What ever way you decide to travel, make sure its the way that suits you.


Always set a price:  
Before you get in a Taxi or arrange something always agree on a price before.  If you don't you set yourself up for a great fall.  They will charge you what ever they like and its hard to get out of it by then.  Also never say you have just arrived in a country.  They will smell fresh meat and take you for everything you have got!


Drunkenness and tents:
Do not get drunk (especially on red wine) when trying to put up a tent.  It only ends in disaster! Do get very drunk though, when you are staying in a hut full of Cockroaches, so that you pass out, as it will be the only way you will sleep.  Though the morning after isn't great as you have a massive hangover and the cockroaches still as well!

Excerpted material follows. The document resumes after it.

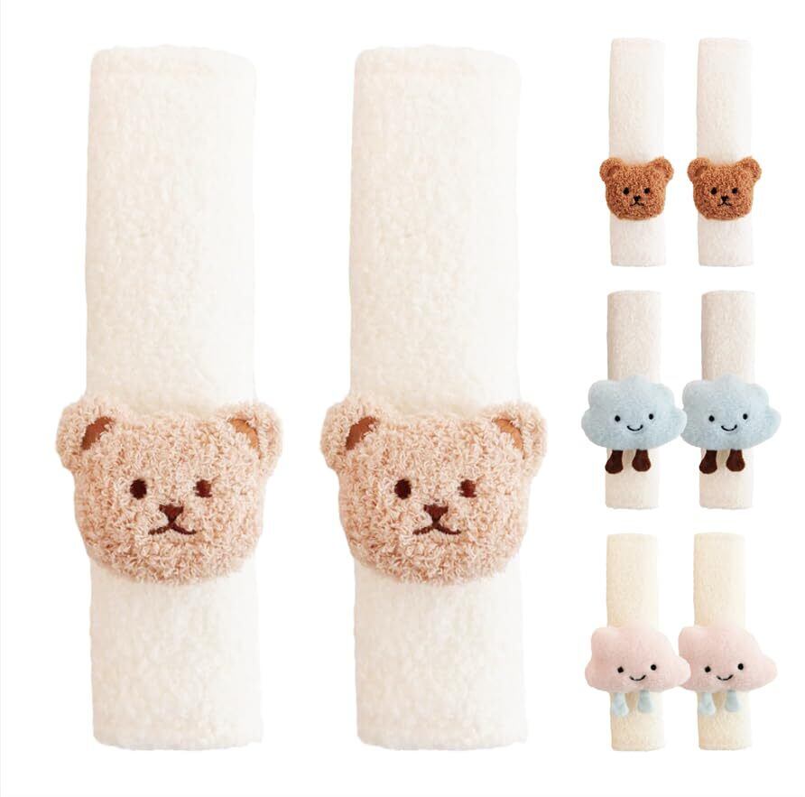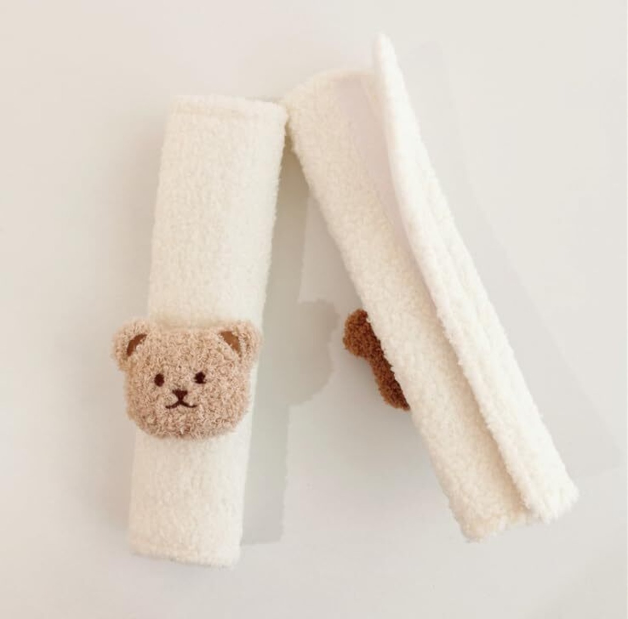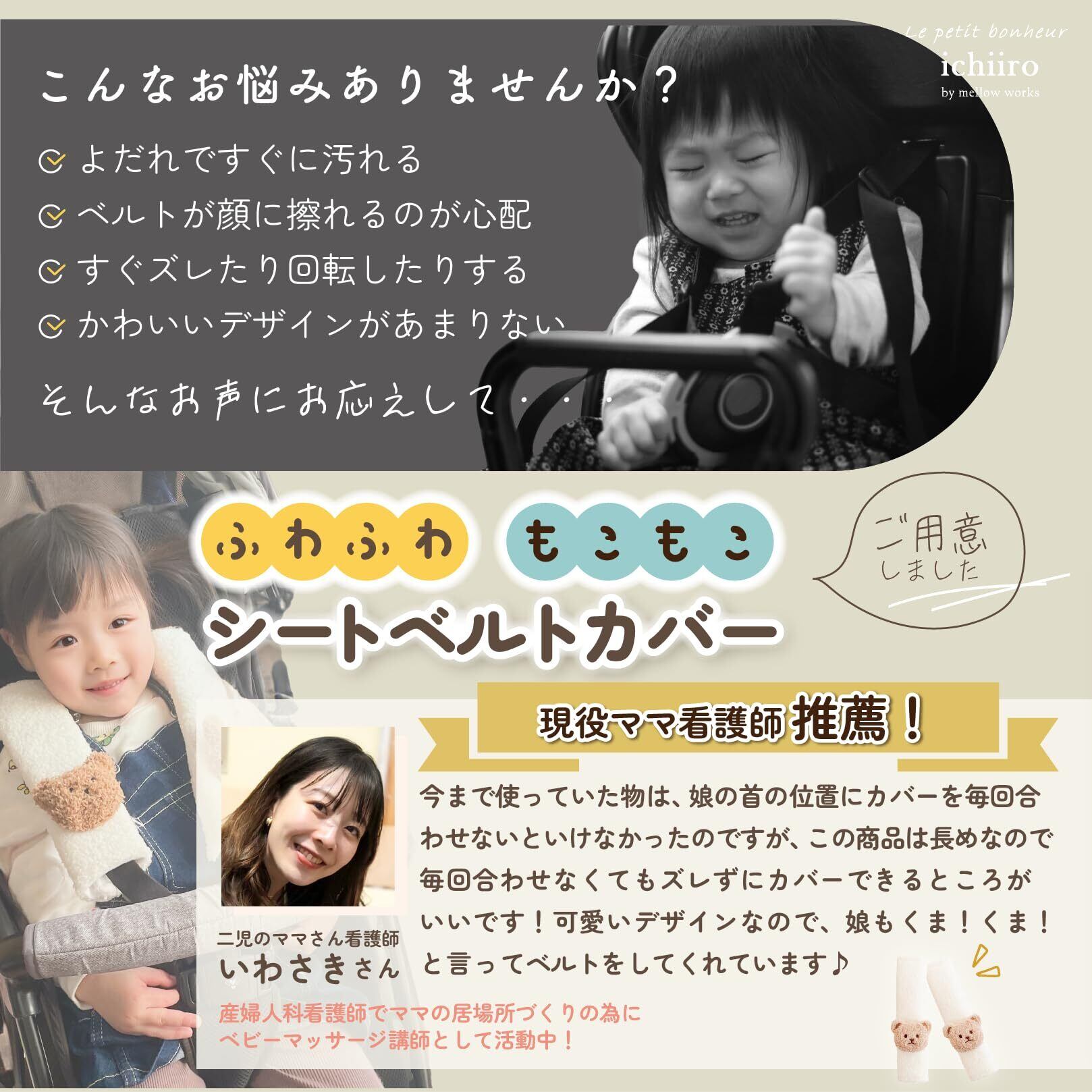 【新着商品】【現役ママ看護師推薦】 シートベルトカバー2個セット シートベルトクッション チャイルドシートカバー ベビーカーベルトカバー[かわいい ふわもこくまさん] 車 キッズ 子供 大人 ichiiro (ベージュくまさん)

Learn not to go to the toilet!:
Long journeys are part of travelling.  In more developed countries, they have facilities on transport that cater to bodily functions.  Less developed do not!  I have been on many a lengthy journey where there has not been one toilet stop.  In India I was travelling with my friend Becky, who doesn't have the strongest bladder.  She made the bus driver stop three times, which pissed him off so much that he tried to drive off with out her on one of the stops.  It was only me, flinging myself over the bus drivers wheel, and shouting a lot, that stopped him.  After that I learnt it was important element of travel to be able to control your toilet stops.  I'm pretty darn good as well, apart from from an incident in South America the other year.  I don't know what happened but I was on a long journey as the only Gringa on a bus in Peru and all of a sudden I needed to go.  We were in the middle of the Andes.  The choice was to either wet myself or go and pee in the middle of the plains of the Andes with no where to hide.  I chose the Andes.  I saw a ditch and made for it, but being a tall person, even when crouching, the ditch was not deep enough and I was barely hidden.  I was in the middle of a pee when I decided to turn around and saw a whole coach of Peruvian Indians all looking at the white girls ass.  Mortified doesn't even come close!  Learn to hold it people!


Enjoy yourself:
We are all usually on a budget when we back pack.  We don't stay in 5 star resorts (Well you can treat yourself now and again!) and dine in swanky restaurants.  That is not to say just because your on budget doesn't mean you can't do anything.  I hate, I mean HATE travellers that are so money obsessed, that they can't enjoy themselves.  No one wants to get ripped off, but travellers that argue over 50p, or go around all day trying to find the cheapest  hotel, or won't do anything as it doesn't fit the daily budget! For God Sake! Your the other side of the world; you may never come here again; you might get run over tomorrow; its doesn't bloody matter; your not spending a fortune; your arguing over a £1; enjoy yourself; you idiots!!!!!! As I said, I don't like these type of backpackers!


Tiger Barm:
My top tip without a doubt, is TIGER BARM, TIGER BARM, TIGER BARM! My sister gave me this tip. Its the best thing for Mozzie bites ever.  Its soothes  them when they itch so you never want to itch them to death.  Its a must and I will never go traveling without it.



I hope these tips have been of some help? May the force be with you!